For adapting this algorithm to the SCP, we consider the following: PromisingChildren determinates the \(n_p\) most promising children from the current node. This is achieved by calculating, for each non-instantiated variable, a value using one of the following functions: \(c_j/k_j\), \(c_j/k_j^2\), \(c_j/(k_j\log (1+k_j))\), \(c_j^{1/2}/k_j\), \(c_j/k_j^{1/2}\) and \(c_j/ \log (k_j+1)\) [8, 13]. The variable \(k_j\) represents the number of currently uncovered rows that could be covered by the column j. The function is selected in a random way and it is used for all the nodes of the current level. Then, the \(n_p\) variables with the lowest values are instanciated.

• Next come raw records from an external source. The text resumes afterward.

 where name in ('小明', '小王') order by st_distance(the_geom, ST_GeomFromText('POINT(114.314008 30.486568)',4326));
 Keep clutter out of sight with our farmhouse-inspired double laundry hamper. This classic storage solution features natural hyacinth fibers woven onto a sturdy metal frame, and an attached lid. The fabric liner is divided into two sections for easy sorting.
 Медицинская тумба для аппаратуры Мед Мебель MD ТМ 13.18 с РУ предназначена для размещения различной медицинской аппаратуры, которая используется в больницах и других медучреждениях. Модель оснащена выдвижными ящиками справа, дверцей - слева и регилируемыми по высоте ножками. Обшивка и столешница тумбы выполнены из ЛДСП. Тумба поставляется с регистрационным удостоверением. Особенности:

After that, we run a greedy algorithm for each of the new candidates nodes by using the procedure Greedy-SelectBest. This greedy attempts to construct a branch (one node per level), using the same function selected in PromisingChildren, until a solution is reached. At the end of this process, each node will have an associate solution. The procedure will select the \(n_s\) nodes with the best objective function value. The best solution founded in the search it is used to discard nodes with a worst objetive function value.

Unlike the classic algorithm, the search does not stop when a solution is founded or all nodes are discarded, instead, we set a fixed number of nodes to be generated (See Algorithm 2).

figure b

2.2 Preprocessing

Preprocessing is a popular method to speedup the algorithm. A number of preprocessing methods have been proposed for the SCP [2]. In our implementation, we used the most effective ones:

  • Column domination: Any column j whose rows \(I_j\) can be covered by other columns for a cost less than \(c_j\) can be deleted from the problem, however this is an NP complete problem [9]. Instead, we used the rule described in [17].

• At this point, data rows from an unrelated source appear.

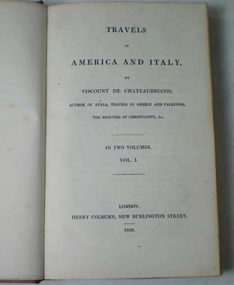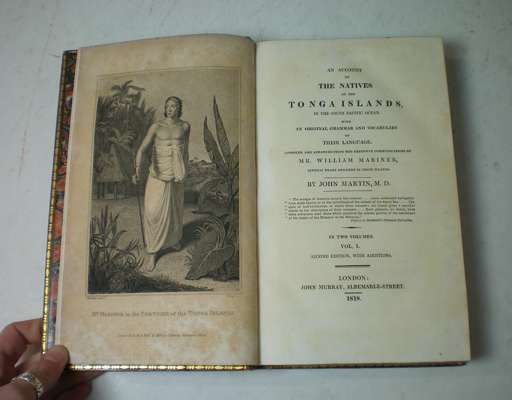 An account of the natives of the Tonga Islands in the South Pacific ocean. London: John Murray, 1818. Second edition, 8vo, 2 volumes, folding map, frontispiece [browned], contemporary calf gilt, section of backstrip to volume I lacking, some rubbing to edges; Chateaubriand, Viscount de Travels in America and Italy. London: Henry Colburn, 1828. 8vo, 2 volumes, contemporary calf gilt, some light spotting to endpapers, bookplates (4)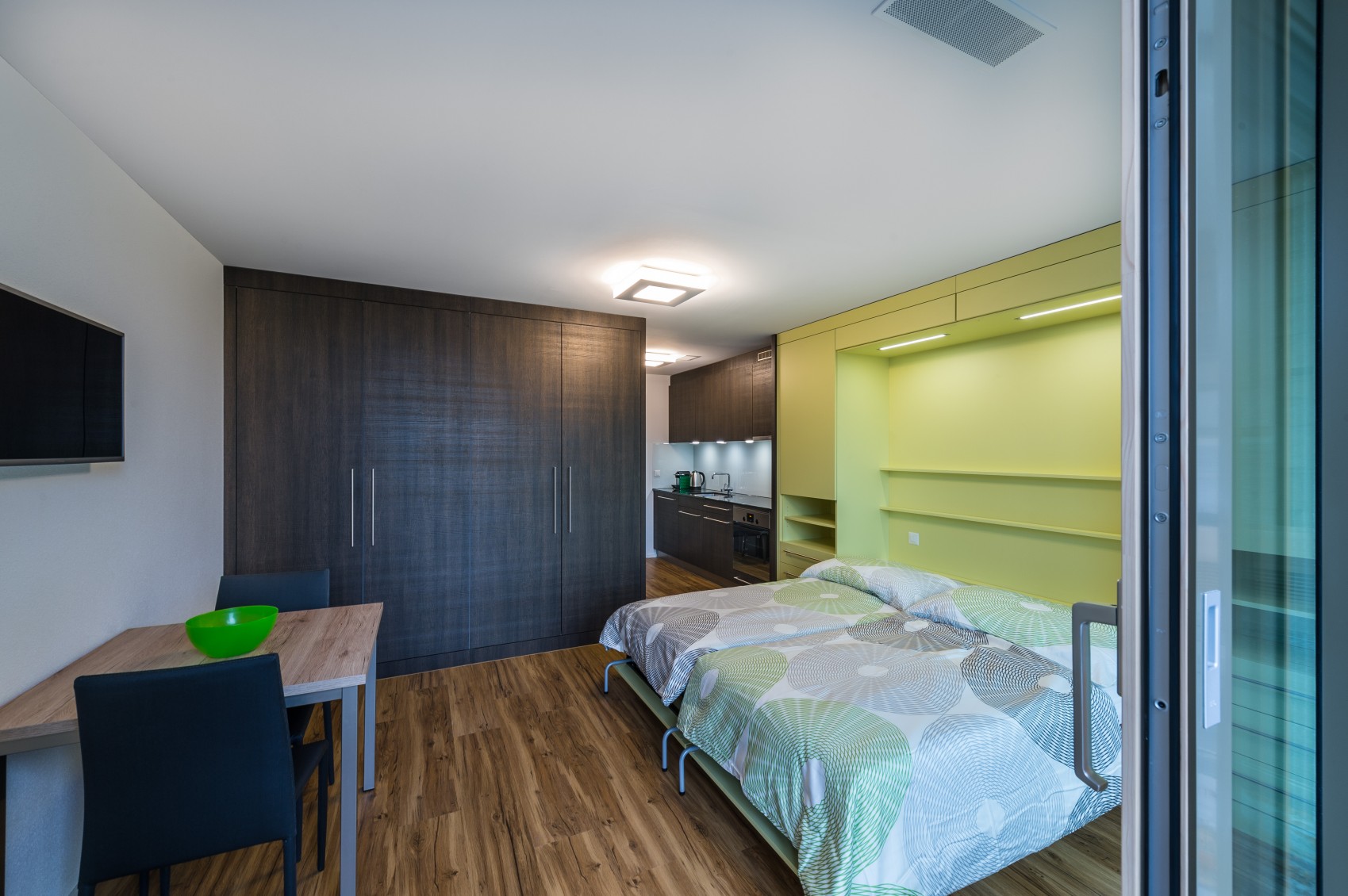 Diese Wohneinheit liegt im Untergeschoss auf der Gartenebene und ist über eine bequeme Treppe oder den Lift erreichbar. Die platzsparenden Schrankbetten können in zwei bequeme Einzelbetten umgewandelt werden. Bei hochgeklappter Version entsteht ein eleganter Wohnraum, in welchem sowohl ein Esstisch wie auch zwei Sessel Platz finden. Der grosszügige WC/Dusch-Bereich sowie die Küchenzeile verleihen diesem Studio die Eigenschaft einer kompletten Wohneinheit.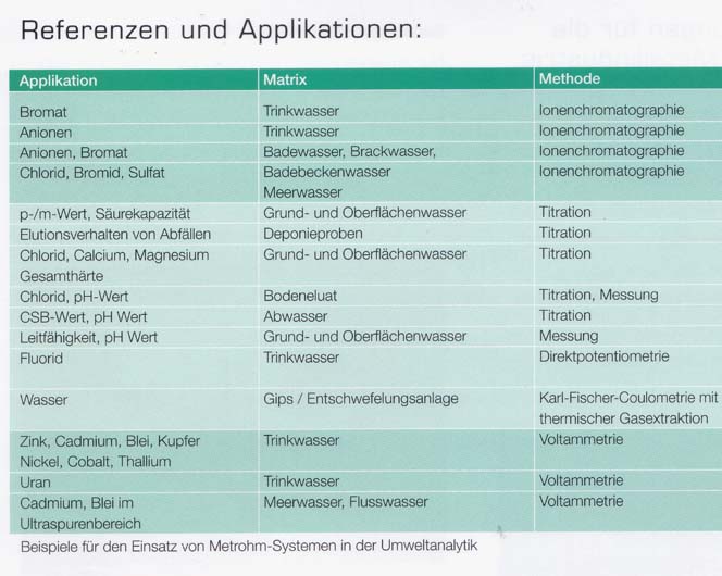 Flüssigkeitsanalytik Applikationen "Umwltanalytik"- Fa. Deutsche Metrohm Prozessanalytik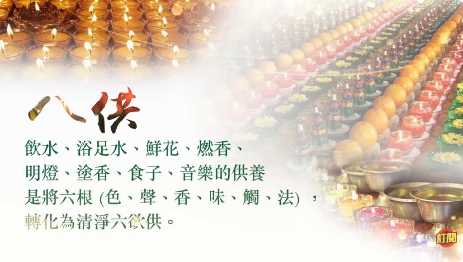 八供(飲水、浴足水、鮮花、燃香、明燈、塗香、食子、音樂)的供養是將六根(色、聲、香、味、觸、法)轉化為清淨六欲供。行者應有正確的發心與清淨的供養心,才是真正積聚福慧資糧的關鍵所在。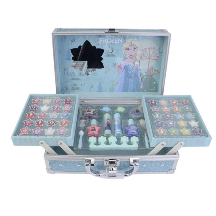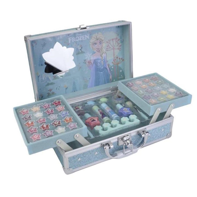 Este maletín metálico Frozen incorpora espejo y dos bandejas abatibles que organizan un amplio surtido de sombras, brillos de labios, esmaltes y accesorios. Un set completo para disfrutar del juego de belleza con la licencia más invernal.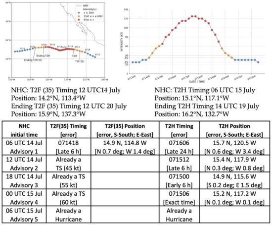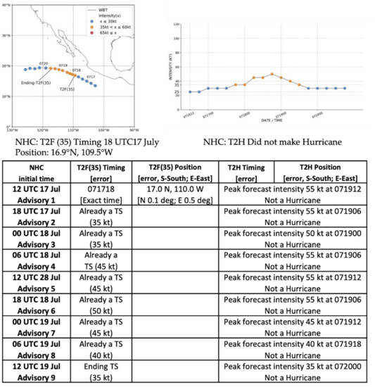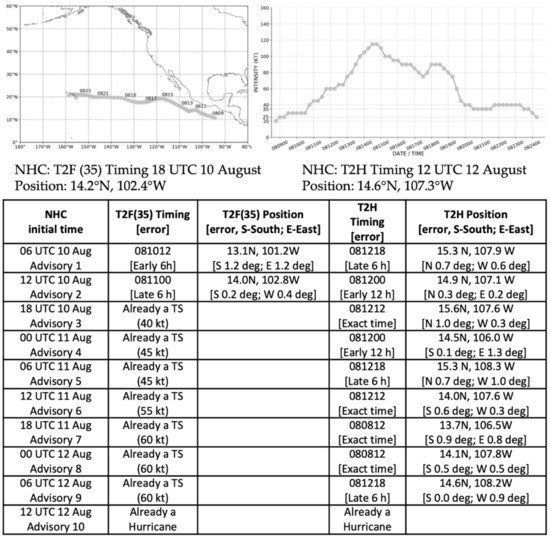 As indicated in Table 1, Felicia was the second hurricane of the 2021 eastern North Pacific season. Felicia followed Enrique by almost 3 weeks, and it was also a tropical storm at the time of the first NHC advisory at 09 UTC 14 July (Cangialosi 2021) [10]. Tropical Storm Felicia rapidly intensified to a hurricane just 24 h after the first advisory (Table 1, column 6). Using the advisories at synoptic times (Figure 7) so that the NHC forecasts of T2F(35) and T2H can be evaluated, the T2F(35) timing error in the first advisory (row 1) was only 6 h late (column 2), but the T2F(35) longitudinal error was a surprisingly large 1.4 degrees to the west (column 3). In that first advisory, the NHC did not forecast a rapid intensification—rather, their T2H of 06 UTC 16 July was 24 h late (column 4). Consequently, their T2H longitude error was 3.4 days to the west (column 5). However, when the initial intensity had increased by 10 kt after only 6 h (column 2, row 2), the NHC forecasts of the T2H timing were within 6 h of the exact time for Advisories 2–4 (column 4). Consequently, the T2H position errors (column 5, row 2) were also smaller. Again, these T2F(35) and T2H forecasts can be so accurate when the NHC waits until pre-Felicia is already a TS in the first advisory (Table 1).

  • Column inclusion: If a row is covered by only one column after the above domination, this column must be included in the optimal solution.

3 Experiments

Our approach has been implemented in C++, on an 2.4GHz CPU Intel Core i7-4700MQ with 8gb RAM computer using Ubuntu 14.04 LTS x86_64. In order to test it, we used 45 SCP instances from OR-LibraryFootnote 1 which are described in Table 1. Optimal solutions are known for all of these instances.

Table 1 Detail of the test instances
Table 2 Experiments using \(n_p=20\) and \(n_s=10\)
Fig. 1
figure 1

Convergence plots for the a scp41, b scp42 and c scp43 instances

Our algorithm was configured before perform the search. Each of these instances were executed 20 times, with several values of \(n_p\) and \(n_s\). The best results (related to the avg. value) were obtained by using \(n_p=20\) and \(n_s=10\). We set as stop criteria a maximum of 1000 nodes in the search tree. After reaching this value, the algorithm did not show a big improvement in the solutions. Table 2 shows the results by using this configuration.

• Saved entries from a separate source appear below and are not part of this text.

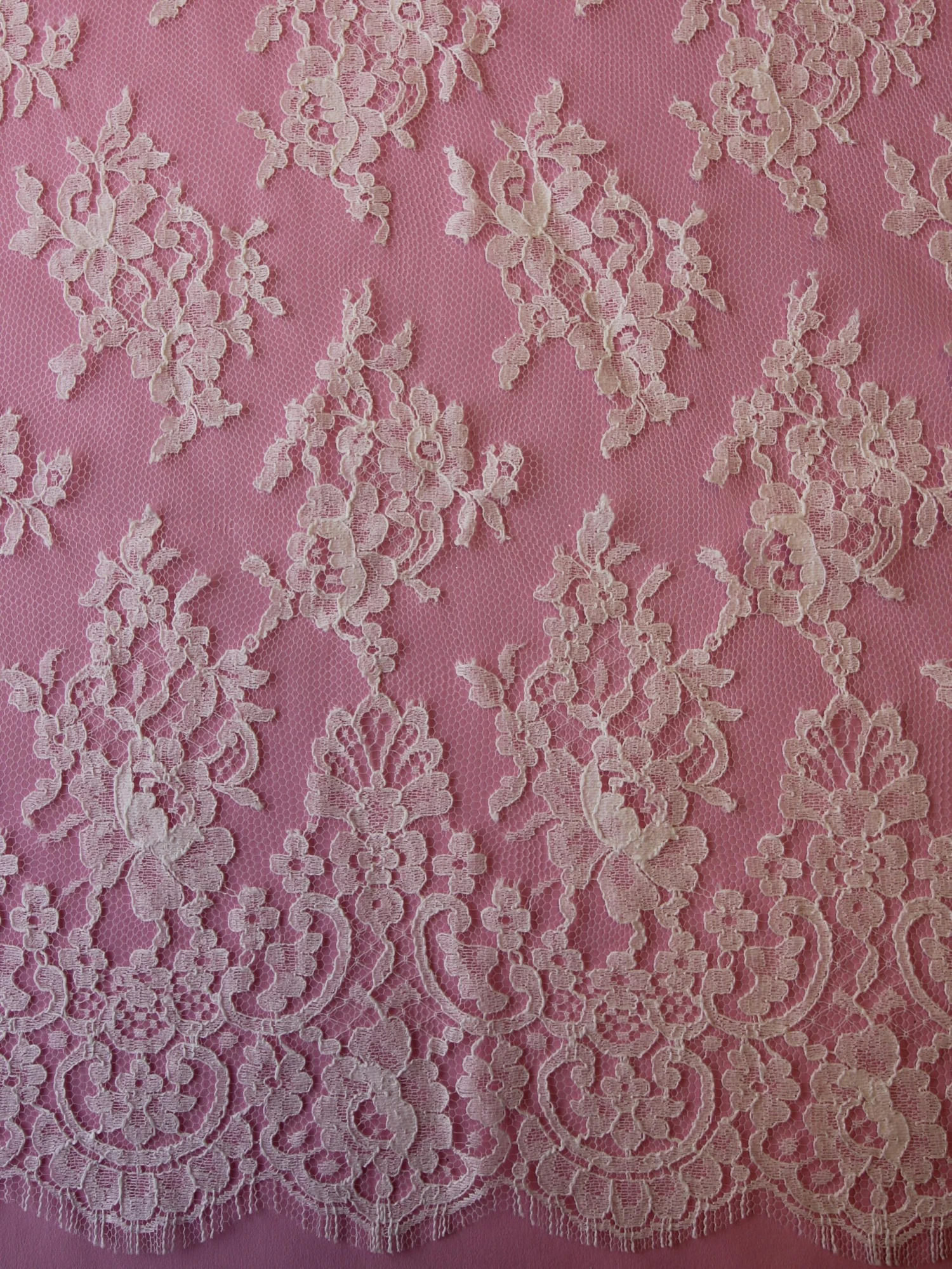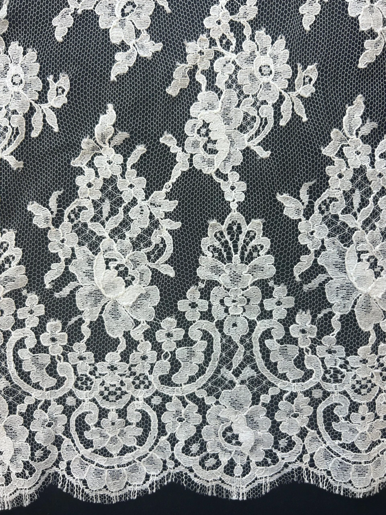 This is a very feminine Chantilly French Lace with symmetrical borders and floral motifs fairly closely spaced throughout the body of the pattern. The motifs are lightly corded and measure 12.5 cm (5″) tall. The edges of the lace are gently scalloped with a pattern repeat of 8 cm. (3.25″)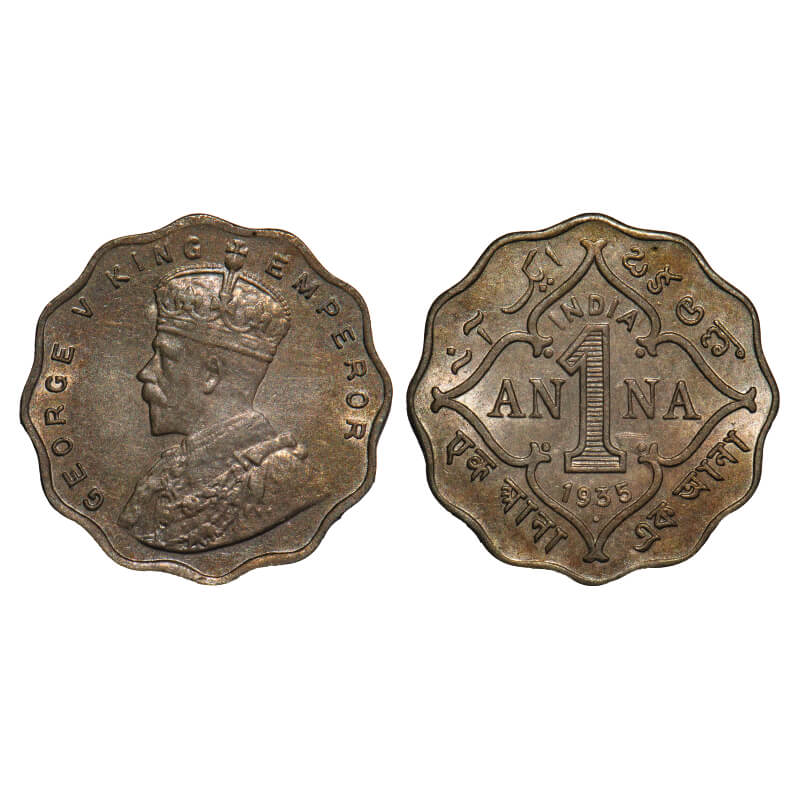 George V, Copper-Nickel, 1 Annas, 1935, Bombay Mint, Dot. F. Prid 957. GK 1166. Brilliant Uncirculated, Toned. Rare.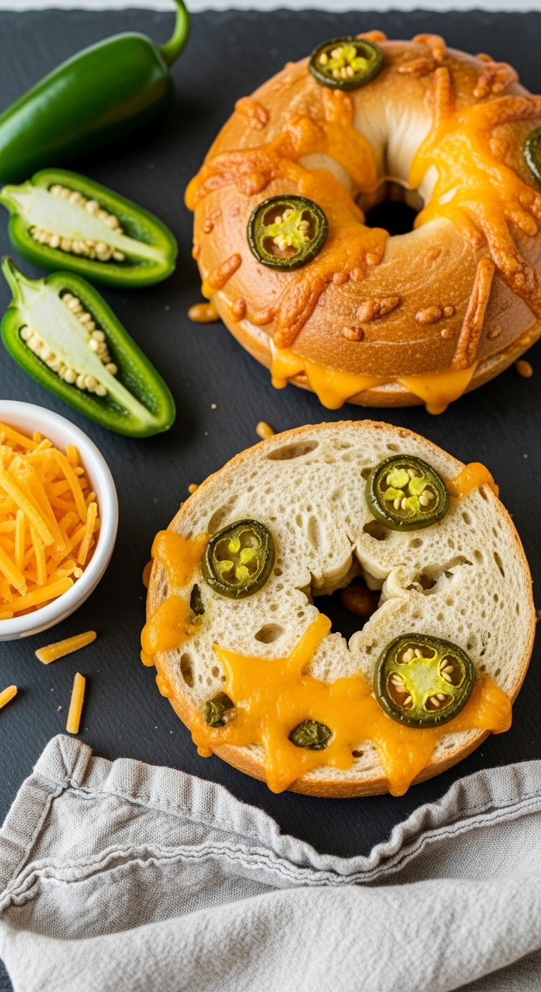 - Remove, top with extra cheddar and jalapeño slices, and bake 20–22 minutes until cheese is browned and bagels are glossy.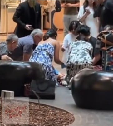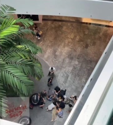 Footage shared by @sgseewhatsee on TikTok showed a group of passers-by surrounding a person lying on the first floor of the mall.

The column Optima represents the lowest objective function value for a particular instance. Min-value and Max-value represent the lowest and the maximum objective function value, respectively, obtained for our proposal in 20 executions. The mean value of these 20 executions are shown in the column Avg. The column RPD represents the Relative Percent Difference. This measure can be defined as follows:

$$\begin{aligned} RPD = \frac{(\text {Min-value}-\text {Optima})}{\text {Optima}}\times 100. \end{aligned}$$
(4)

Convergence plots can be seen in Fig. 1.

4 Conclusion and Future Work

In this work we have presented a beam-search approach with a greedy algorithm to solve the SCP. Our approach applies a greedy algorithm in each node to find solutions by using a set of simple functions that choose promising variables. Experiments show very promising results, considering that the technique in not yet fully exploited. In a future work we plan to do a more guided search by using a nogood-like learning strategy,Footnote 2 that should reduce the size of the search tree. Also, we plan to adapt this technique for the bi-objective SCP formulation.